__Exercise details__. All pictures are to be skipped; retype only the lines from the top of the entries through the line with "(포탈뉴스통신) 경기도광주하남교육지원청은 11월", both included.

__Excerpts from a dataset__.
────────────────────
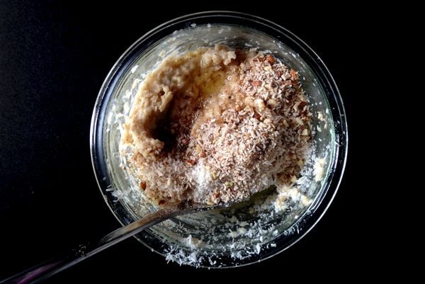 Eerst maar eens pap maken. We gebruiken ons favoriete recept: 1 deel havermout, 2 delen melk – in dit geval gebruiken we amandelmelk. In een pannetje samen met wat kaneel aan de kook brengen, even later doorbubbelen, en dan serveren.
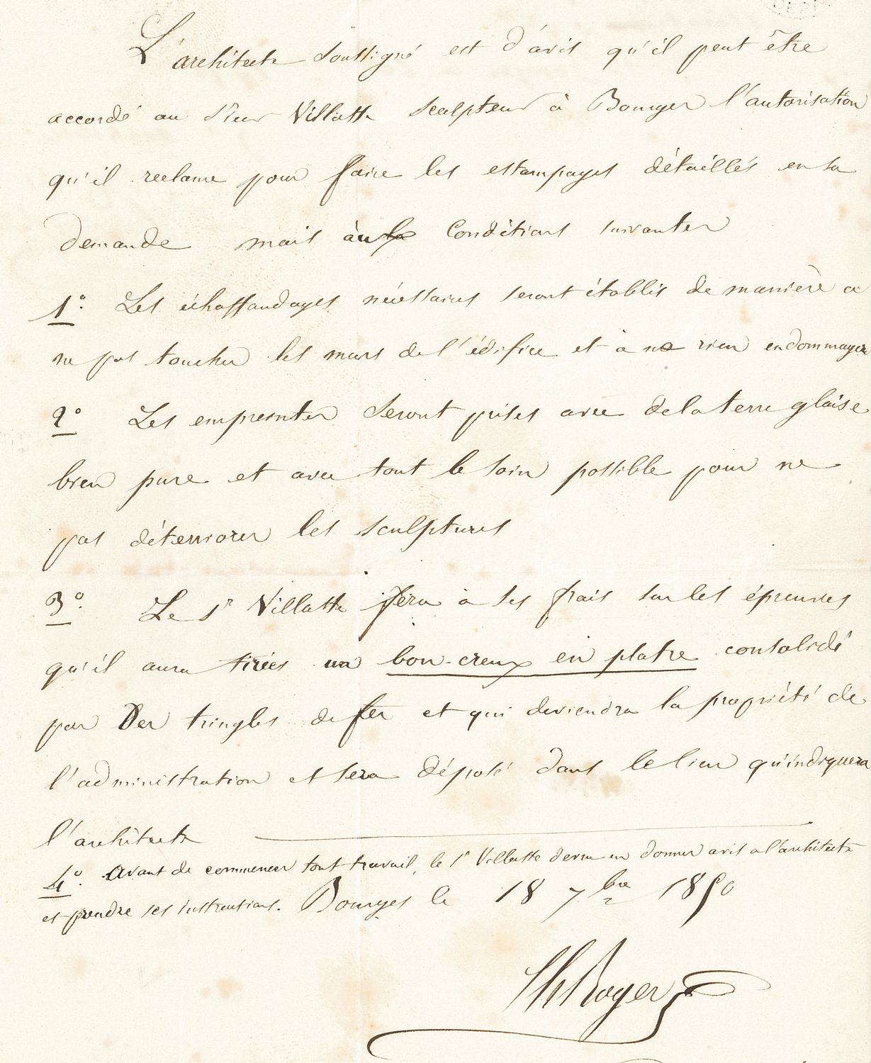 Outre les dessins, les sculpteurs réalisent parfois des moulages d’éléments à restaurer qui leur servent de modèles fidèles en trois dimensions. Barthélemy Juillien et ses successeurs font appel à Caudron, Dumoutet et Villatte qui pratiquent cette technique. Celle-ci consiste à estamper à la terre les pierres sculptées, protégées par une couche de savon, de graisse ou de cendre, puis de couler dans le creux du plâtre mêlé à de la filasse. D’après le baron Auguste-Théodore de Girardot qui guide les restaurations, Théophile Caudron va jusqu’à verser dans les plâtres le ciment « qu’il adapt[e] sur la partie à restaurer au moyen de goujons en fer ».
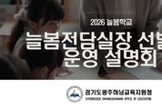 (포탈뉴스통신) 경기도광주하남교육지원청은 11월 6일, 관내 초등학교 교원을 대상으로‘2026 늘봄전담실장 선발 및 운영 설명회’를 온라인 화상회의 방식으로 개최했다. 이번 설명회는 늘봄전담실장 제도에 대한 이해를 높이고, 현장 중심의 정책 추진 방향을 공유하기 위해 마련됐다. 설명회에서는 △2026년 늘봄전담실장 임용후보자 선발 공개전형 시행 요강 △늘봄학교 정책 방향 및 추진 현황 △늘봄전담실장의 주요 직무와 역할 △거점형 늘봄센터 운영 체계 등 실질적인 내용을 중심으로 안내가 이루어졌다. 특히 1기 늘봄전담실장이 직접 참여해 학교별 운영 사례와 경험을 공유함으로써, 참여 교원들이 현장의 실제 운영 방식과 역할 수행의 구체적인 모습을 이해할 수 있는 뜻깊은 시간이 됐다. 현재 광주하남교육지원청 관내에는 총 17명의 늘봄전담실장이 49개 학교의 늘봄학교 운영을 지원하고 있으며, 내년에는 2기 늘봄전담실장 추가 선발을 통해 학교별 맞춤형 지원 체계를 한층 강화할 예정이다. 오성애 교육장은 “이번 설명회가 늘봄전담실장의 전문성과 현장 지원 역할을 널리 알리는 계기가 되길 바란다”며, “학교 현장에서
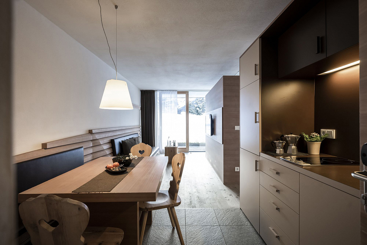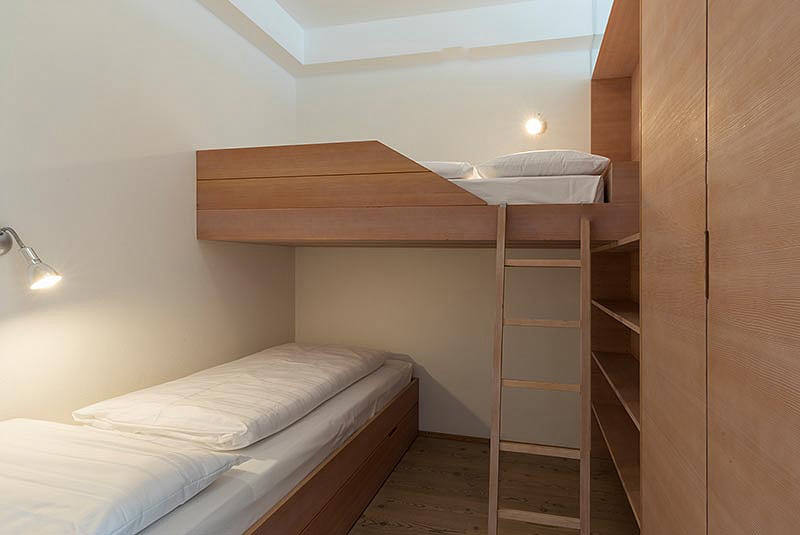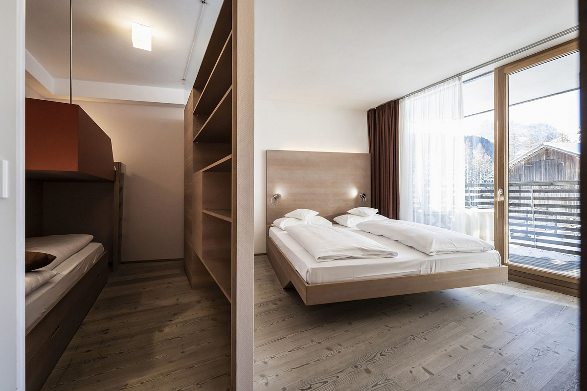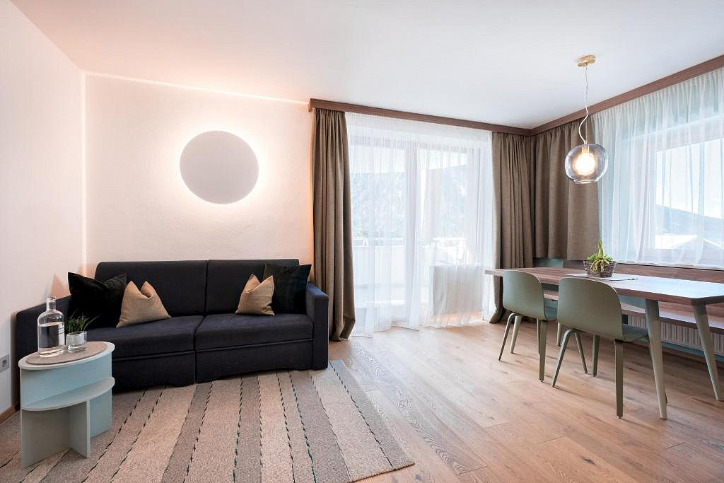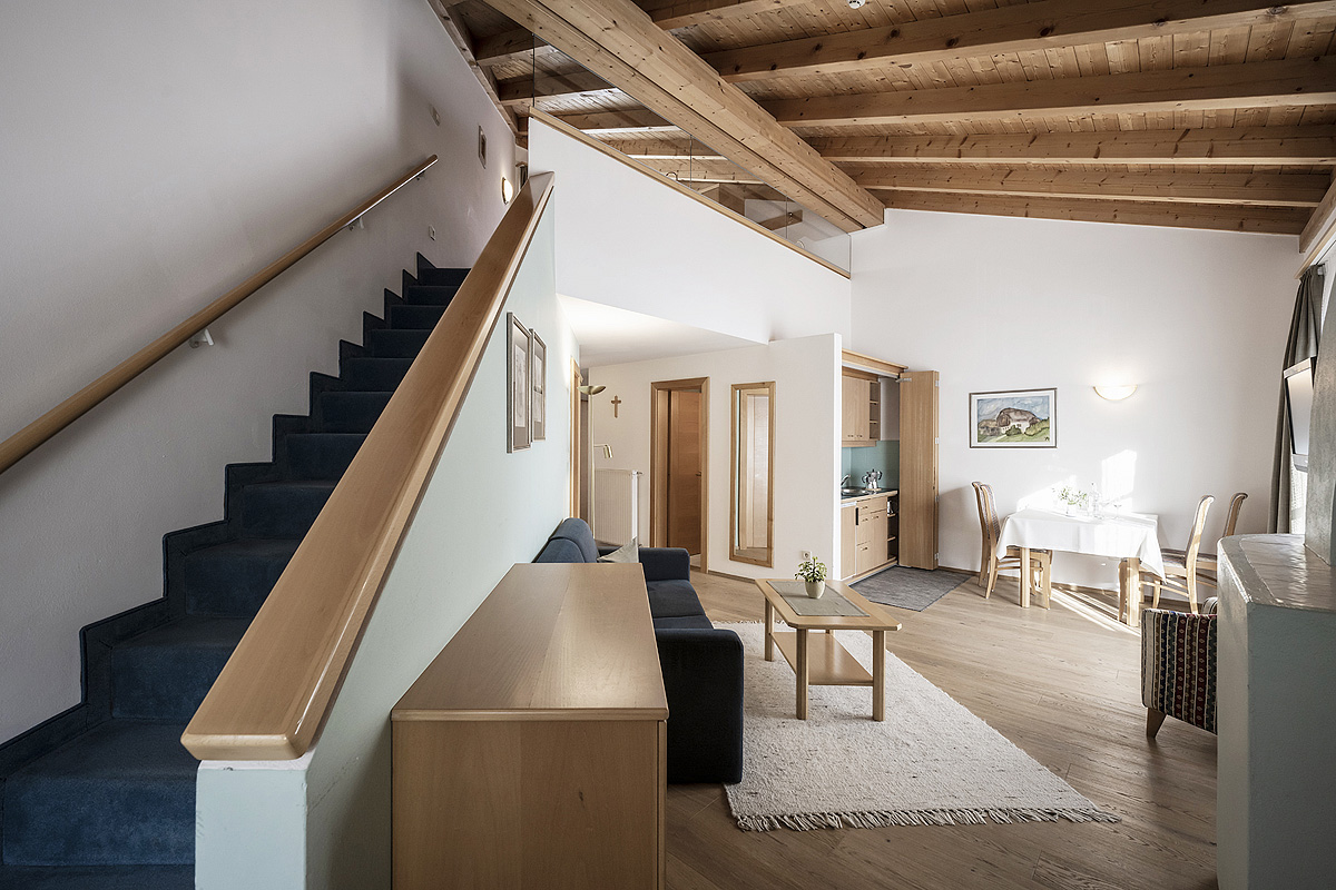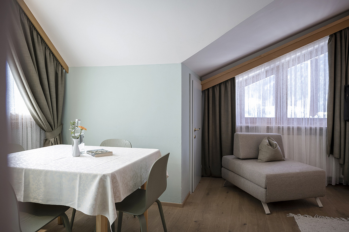 55 m² - 1 spálňa s manželskou posteľou a čiastočne oddelenou poschodovou posteľou, obývacia izba s kuchynským kútom, sociálne zariadenie so sprchou či vaňou, balkón či terasa so vstupom na záhradu; maximálna obsaditeľnosť apartmánu sú 2 dospelé osoby a 2 deti do nedovŕšených 18 rokov
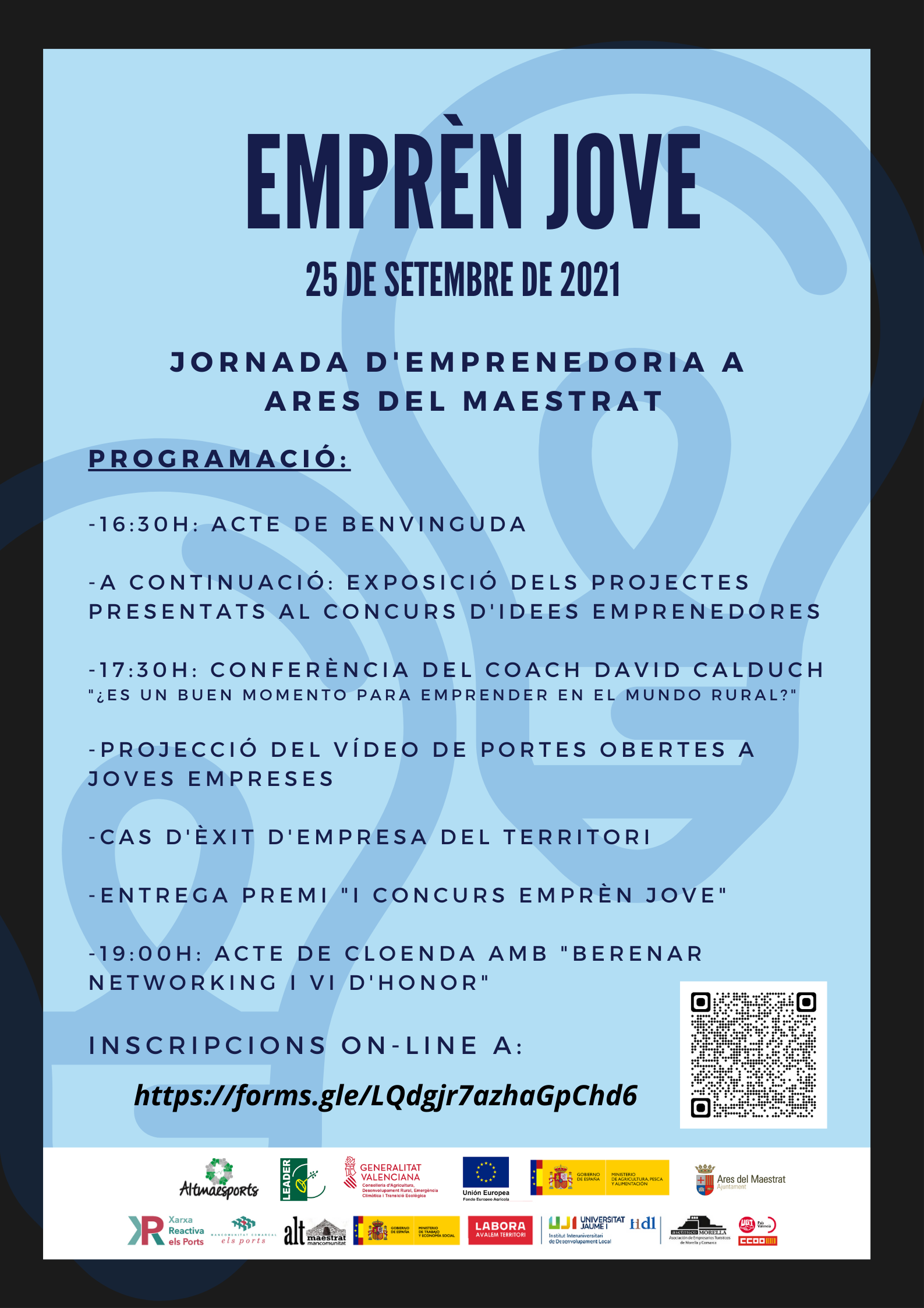 La Xarxa Reactiva els Ports juntament amb El Grup d’Acció Local Altmaesports Leader han organitzat una jornada d’emprenedoria per a joves de les comarques Els Ports i l’Alt Maestrat, el dia 25 de setembre per la vesprada al local multiusos d'Ares del Maestrat.
────────────────────
__Response__.
 Eerst maar eens pap maken. We gebruiken ons favoriete recept: 1 deel havermout, 2 delen melk – in dit geval gebruiken we amandelmelk. In een pannetje samen met wat kaneel aan de kook brengen, even later doorbubbelen, en dan serveren.
 Outre les dessins, les sculpteurs réalisent parfois des moulages d’éléments à restaurer qui leur servent de modèles fidèles en trois dimensions. Barthélemy Juillien et ses successeurs font appel à Caudron, Dumoutet et Villatte qui pratiquent cette technique. Celle-ci consiste à estamper à la terre les pierres sculptées, protégées par une couche de savon, de graisse ou de cendre, puis de couler dans le creux du plâtre mêlé à de la filasse. D’après le baron Auguste-Théodore de Girardot qui guide les restaurations, Théophile Caudron va jusqu’à verser dans les plâtres le ciment « qu’il adapt[e] sur la partie à restaurer au moyen de goujons en fer ».
 (포탈뉴스통신) 경기도광주하남교육지원청은 11월 6일, 관내 초등학교 교원을 대상으로‘2026 늘봄전담실장 선발 및 운영 설명회’를 온라인 화상회의 방식으로 개최했다. 이번 설명회는 늘봄전담실장 제도에 대한 이해를 높이고, 현장 중심의 정책 추진 방향을 공유하기 위해 마련됐다. 설명회에서는 △2026년 늘봄전담실장 임용후보자 선발 공개전형 시행 요강 △늘봄학교 정책 방향 및 추진 현황 △늘봄전담실장의 주요 직무와 역할 △거점형 늘봄센터 운영 체계 등 실질적인 내용을 중심으로 안내가 이루어졌다. 특히 1기 늘봄전담실장이 직접 참여해 학교별 운영 사례와 경험을 공유함으로써, 참여 교원들이 현장의 실제 운영 방식과 역할 수행의 구체적인 모습을 이해할 수 있는 뜻깊은 시간이 됐다. 현재 광주하남교육지원청 관내에는 총 17명의 늘봄전담실장이 49개 학교의 늘봄학교 운영을 지원하고 있으며, 내년에는 2기 늘봄전담실장 추가 선발을 통해 학교별 맞춤형 지원 체계를 한층 강화할 예정이다. 오성애 교육장은 “이번 설명회가 늘봄전담실장의 전문성과 현장 지원 역할을 널리 알리는 계기가 되길 바란다”며, “학교 현장에서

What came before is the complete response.